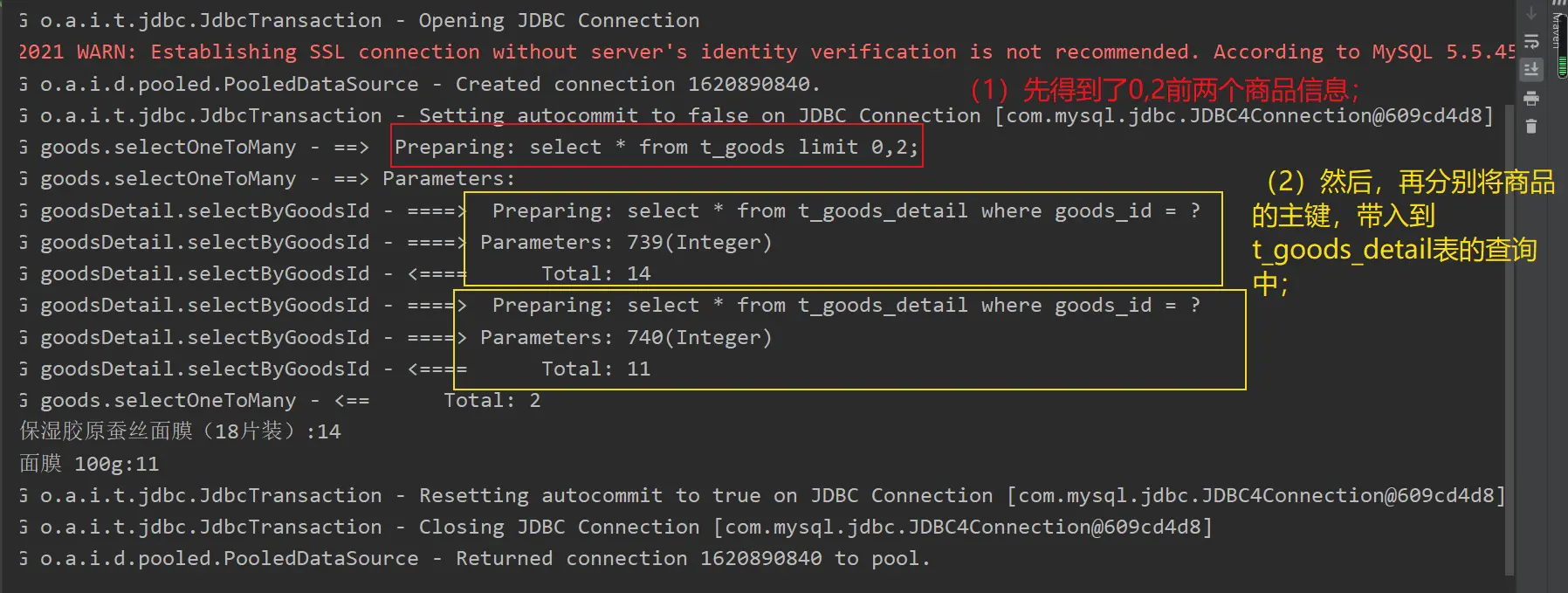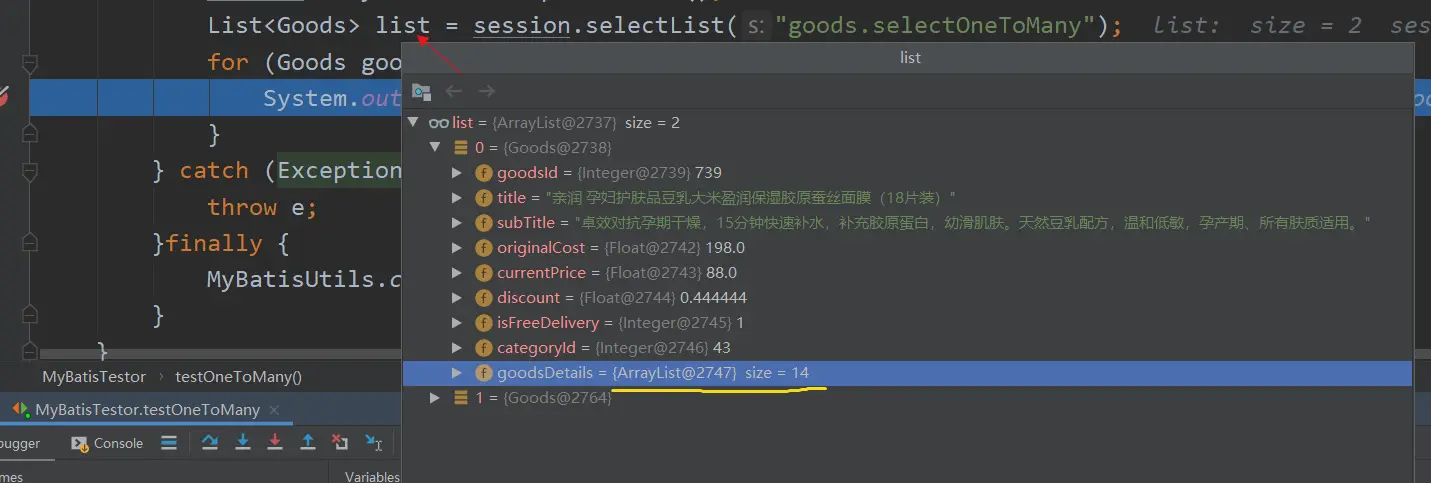 List<Goods> list = session.selectList("goods.selectOneToMany");
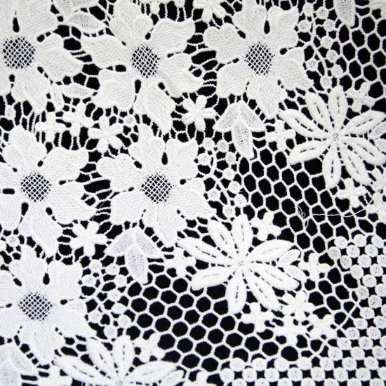This piece of chemical lace attracts your attention with elaborate floral details. Its patterns are arranged in a symmetrical and neat order. This beautiful lace will give fashion designers lots of inspiration.
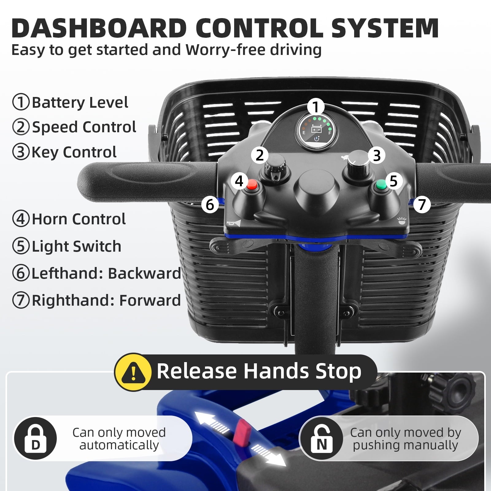 • 【Smart Control Hub, Easy Operation】The multi-functional panel includes a battery display,speed knob,headlight,horn,and alarm buttons—making this foldable mobility scooter highly intuitive.
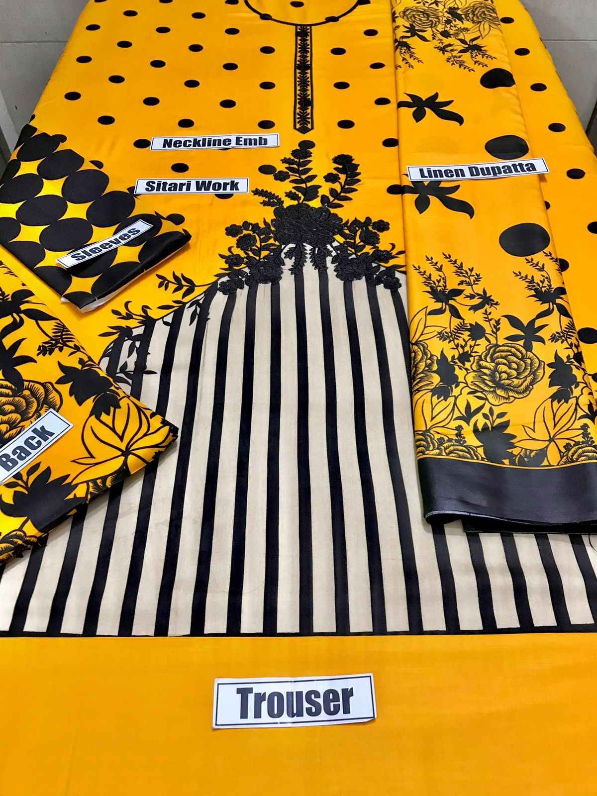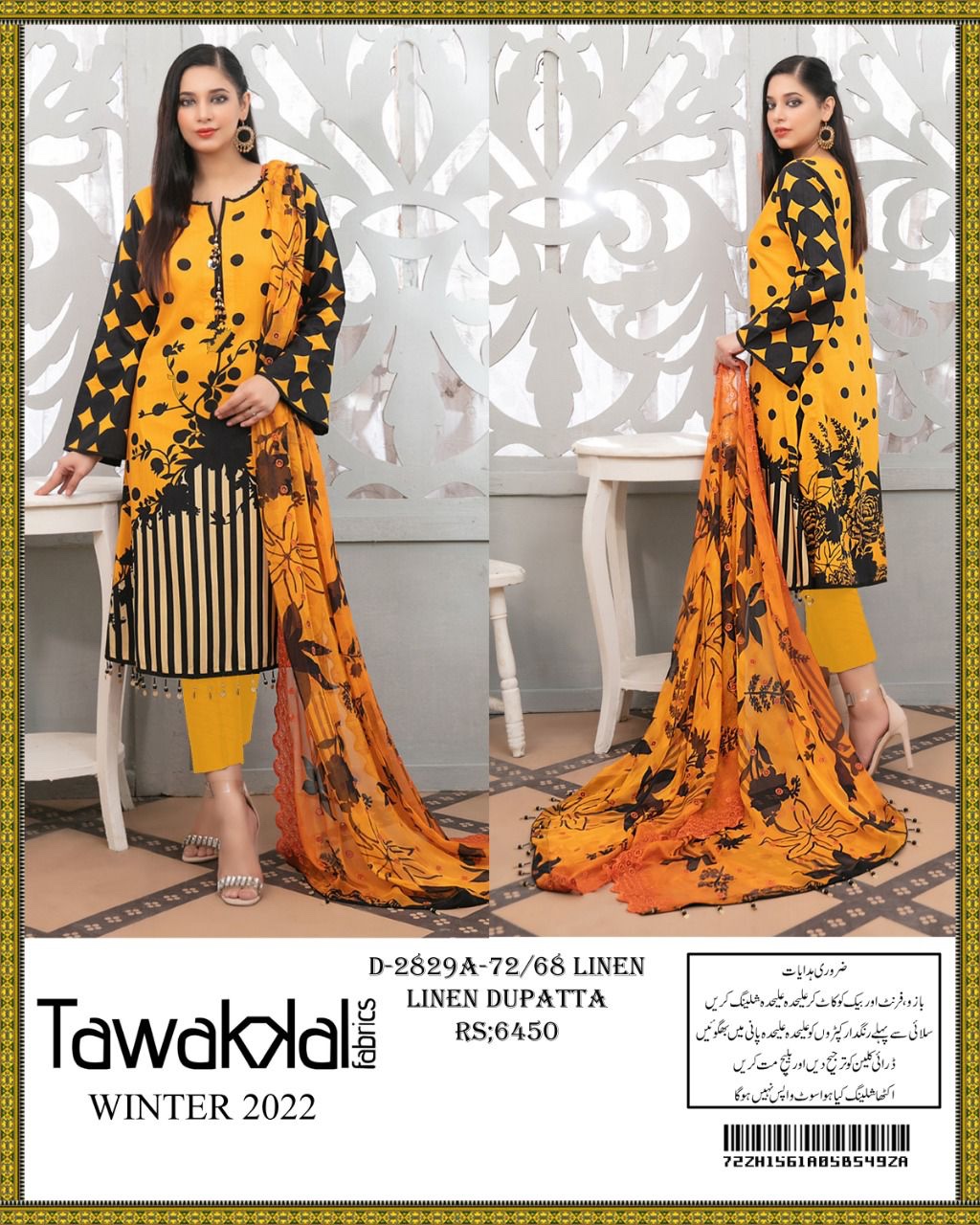 UNSTITCHED TAWAKAL EMBROIDERED LINEN 3PC

Goal of the exercise:
Output the whole of the data, unchanged; keep the pictures out.

Output of the task:
 List<Goods> list = session.selectList("goods.selectOneToMany");
This piece of chemical lace attracts your attention with elaborate floral details. Its patterns are arranged in a symmetrical and neat order. This beautiful lace will give fashion designers lots of inspiration.
 • 【Smart Control Hub, Easy Operation】The multi-functional panel includes a battery display,speed knob,headlight,horn,and alarm buttons—making this foldable mobility scooter highly intuitive.
 UNSTITCHED TAWAKAL EMBROIDERED LINEN 3PC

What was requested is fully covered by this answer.